Yep, I did. Still the same error. In fact, none of the DenseNet models are working!.
Sounds like I better look into it…
Hi Jeremy - was the issue with densenet fixed?
No, turns out I had to teach 7 classes this week, which has kept me busy It’s high on my priority list though.
Any update on a fix for densenet? I’ve been using an older version of fastai so I can use it as it just so happens to perform really well compared to other models.
I’m not sure I’ll have time this week. I’ll try! (But feel free to have a go yourself at a fix since I think you’d find it an interesting area of fastai to learn about…)
DenseNet implementation in PyTorch has repeated modules. The layers are in the form of OrderedDict. Repeated modules key names causes the optimizer throw this error:
ValueError: some parameters appear in more than one parameter group
I found this PyTorch issue helpful in understanding the problem.
I did the following to fix the error:
- Modified the
torchvision.models.densenet
code to append the block numbers to the layer names. - Copied the weights from
torchvision.models.densenet
models to the models with updated layer names. - Saved the
state_dict
for the updated model.
With these changes I am able load and train all of the DenseNet models.
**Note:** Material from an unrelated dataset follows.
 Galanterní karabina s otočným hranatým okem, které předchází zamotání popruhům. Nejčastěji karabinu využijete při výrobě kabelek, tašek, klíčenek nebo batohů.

Here is the code I used to transfer the model weights
import torch
from densenet import *
import torchvision
from collections import OrderedDict
from tqdm import tqdm
dn_models = {
'densenet121': densenet121,
'densenet169': densenet169,
'densenet201': densenet201,
'densenet161': densenet161,
}
torch_models = {
'densenet121': torchvision.models.densenet121,
'densenet169': torchvision.models.densenet169,
'densenet201': torchvision.models.densenet201,
'densenet161': torchvision.models.densenet161,
}
for m in tqdm(dn_models.keys()):
print(f"Fixing {m}")
# densenet with layer names fixed
dnetm = dn_models[m]()
# original densenet
dnet = torch_models[m](True).eval()
# get the state dict of
dnet_sdict = dnet.state_dict()
d_keys = dnet_sdict.keys()
dm_keys = dnetm.state_dict().keys() # modified densenet keys
dnetm.load_state_dict(OrderedDict(zip(dm_keys, dnet_sdict.values())))
dnetm.eval()
dnetm_sdict = dnetm.state_dict()
for k1, k2 in zip(d_keys, dm_keys):
assert torch.equal(dnet_sdict[k1], dnetm_sdict[k2]), f"{k1}!={k2}"
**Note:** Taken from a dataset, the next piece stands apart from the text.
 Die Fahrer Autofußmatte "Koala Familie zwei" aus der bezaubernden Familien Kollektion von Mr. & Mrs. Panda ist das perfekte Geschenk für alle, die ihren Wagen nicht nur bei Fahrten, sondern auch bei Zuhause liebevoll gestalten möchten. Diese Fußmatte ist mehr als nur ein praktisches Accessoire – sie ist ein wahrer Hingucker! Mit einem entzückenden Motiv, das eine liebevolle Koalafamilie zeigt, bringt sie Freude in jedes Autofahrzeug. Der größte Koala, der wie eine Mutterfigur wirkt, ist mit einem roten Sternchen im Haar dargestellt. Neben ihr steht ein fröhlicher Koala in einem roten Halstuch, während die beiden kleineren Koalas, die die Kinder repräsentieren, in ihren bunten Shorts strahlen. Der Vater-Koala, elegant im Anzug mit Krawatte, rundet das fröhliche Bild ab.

torch.save(dnetm.state_dict(), model_locs[m])
print(f"Saving to {model_locs[m]}\n")
print("Done!")
Modified DenseNet code
Fixed DenseNet weights
@jeremy Does this look like valid solution? Or is there a better way of fixing this issue?
Thanks and welcome!
I’ve fixed this in fastai. It wasn’t actually the reason that @vikram suggested (although still awesome that his fix worked anyway!) but was due to a bug in how layer groups were created. I’ve fixed it in a rather hacky way for now, which works in my testing - but let me know if anyone sees any problems. I’ll endeavor to find a cleaner API for creating layer groups in the future…
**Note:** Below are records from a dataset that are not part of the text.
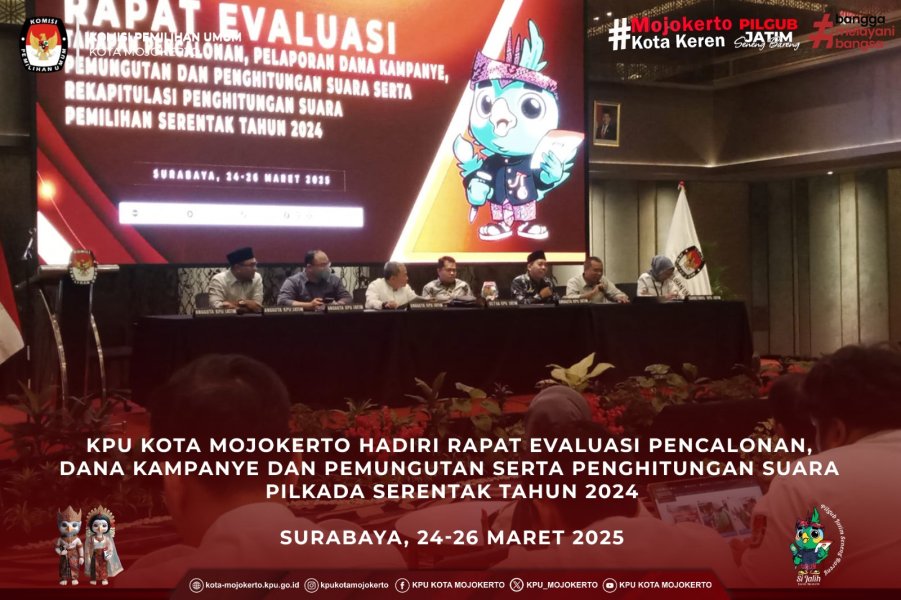 Surabaya, kota-mojokerto.kpu.go.id - Komisi Pemilihan Umum (KPU) Kota Mojokerto hadiri kegiatan Rapat Evaluasi Tahapan Pencalonan, Pelaporan Dana Kampanye dan Pemungutan dan Penghitungan Suara, Rekapitulasi Penghitungan Suara Pemilihan Serentak Tahun 2024 yang berlangsung selama tiga hari di Hotel Platinum Tunjungan Surabaya, mulai Senin - Rabu 24-26 Maret 2025. Kegiatan ini diikuti oleh perwakilan dari KPU Kabupaten/Kota se-Jawa Timur, dengan tujuan untuk mengevaluasi berbagai aspek terkait pencalonan, pengelolaan dana kampanye, dan proses pemungutan suara menjelang Pilkada Serentak 2024. Dalam sambutannya, Ketua KPU Jawa Timur, Aang Kunaifi menegaskan bahwa hasil evaluasi ini diharapkan bukan hanya dapat meningkatkan kualitas penyelenggaraan pemilu/pemilihan di Jawa Timur, tetapi juga berfungsi sebagai acuan bagi KPU di daerah lain. Terdapat empat narasumber yang dihadirkan dalam Rapat Evaluasi ini, yaitu Rudi Wibowo SE., MM., Sidharta Wisnu Wardhana, Yana Syafriyana Hijri , dan Hendra Prasetya K. Divisi Hukum dan Pengawasan KPU Provinsi Jawa Timur, Habib M. Rohan dalam arahannya menyoroti pentingnya kesadaran dalam tahapan penghitungan suara, yang merupakan momen paling krusial dalam pemilu. Selain itu, penegasan tentang tanggung jawab setiap individu dalam pelaporan dan penggunaan dana kampanye turut disampaikan, agar akuntabilitas dapat terjaga selama proses pemilu berjalan. Para peserta juga mendapat panduan mengenai teknik penyusunan buku tahapan teknis untuk mendukung pelaksanaan Pilkada. KPU Provinsi Jawa Timur optimis, dengan langkah evaluasi yang tepat, pemilu diharapkan berjalan lebih transparan, adil, dan sesuai dengan prinsip-prinsip demokrasi yang baik.(hai/ifa)
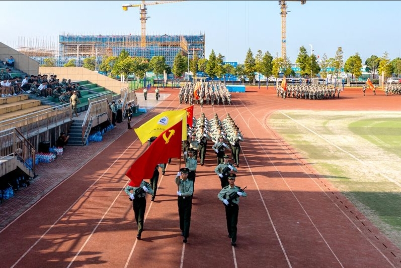 院长宁洁下达军训分列式开始的命令。
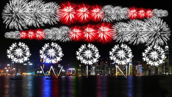煙花匯演第1幕,有「中國HK」字眼煙花。
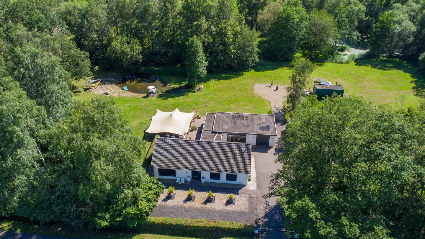 Het gehele perceel is omheind en de entree wordt gevormd door een elektrisch toegangshek. Rondom het huis is gekozen voor een tuin met strakke borders in stijl passend bij het huis, een gazon en twee grote vijvers waarvan 1 v.v. steigertje en klein 'strand'. Aan de achterzijde van het huis bevindt zich een groot houten terras waar men optimale privacy geniet. Verder is er een kleiner overdekt terras met tv-aansluiting. Dit terras biedt zicht op de televisie in de zitkamer en is uitermate geschikt voor het plaatsen van een Jacuzzi. Een gedeelte van het perceel bestaat uit grasland en heeft een agrarische bestemming.
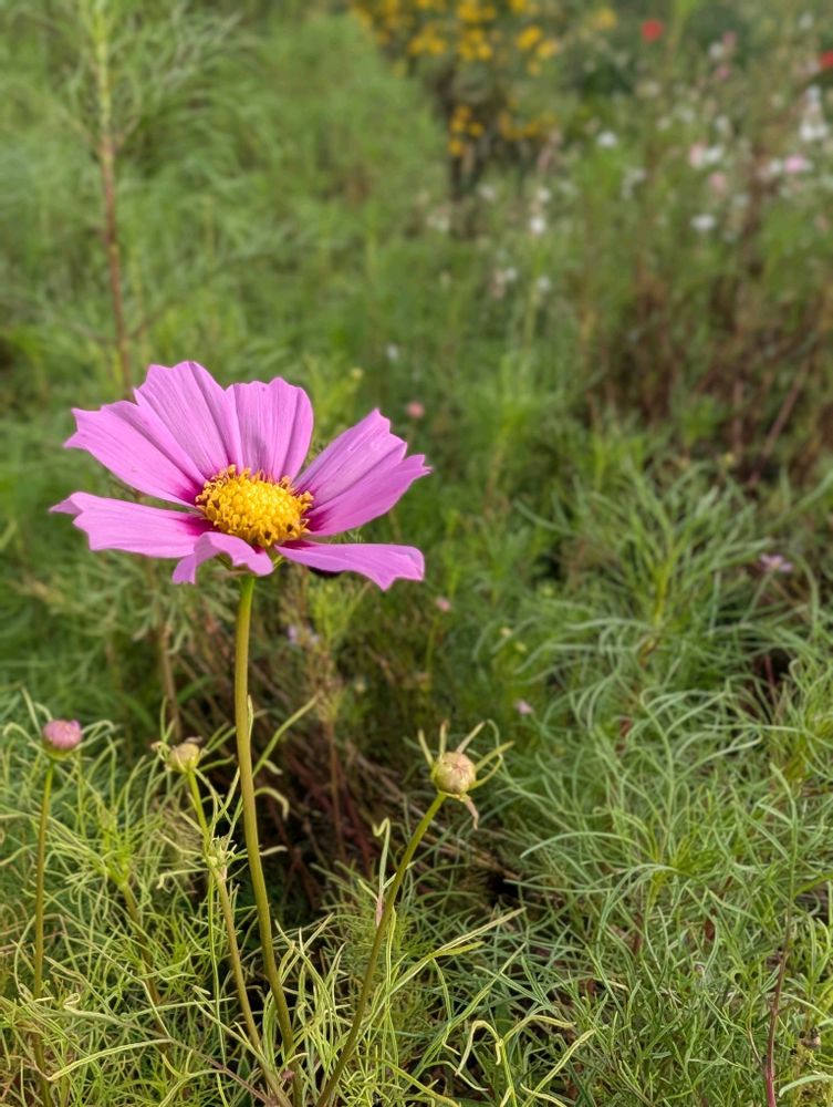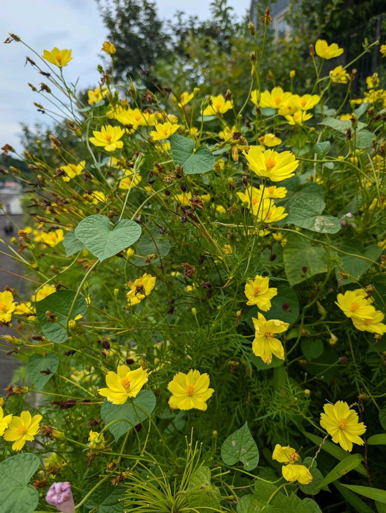 友達のとこのコスモスは夏枯れしたのが復活して小さく我が家のは大きくなりこぼれ種の朝顔に巻きつかれながら咲いてます🩷💛

@jeremy Glad that there was a simple fix! However, I see this error upon calling learn.unfreeze
after the latest pull.
---------------------------------------------------------------------------
TypeError Traceback (most recent call last)
<ipython-input-11-932c6b65ac49> in <module>()
----> 1 learn.unfreeze()
~/vikram/fast_ai/fastai/courses/dl1/fastai/conv_learner.py in unfreeze(self)
182 None
183 """
--> 184 self.freeze_to(0)
185 self.precompute = False
~/vikram/fast_ai/fastai/courses/dl1/fastai/learner.py in freeze_to(self, n)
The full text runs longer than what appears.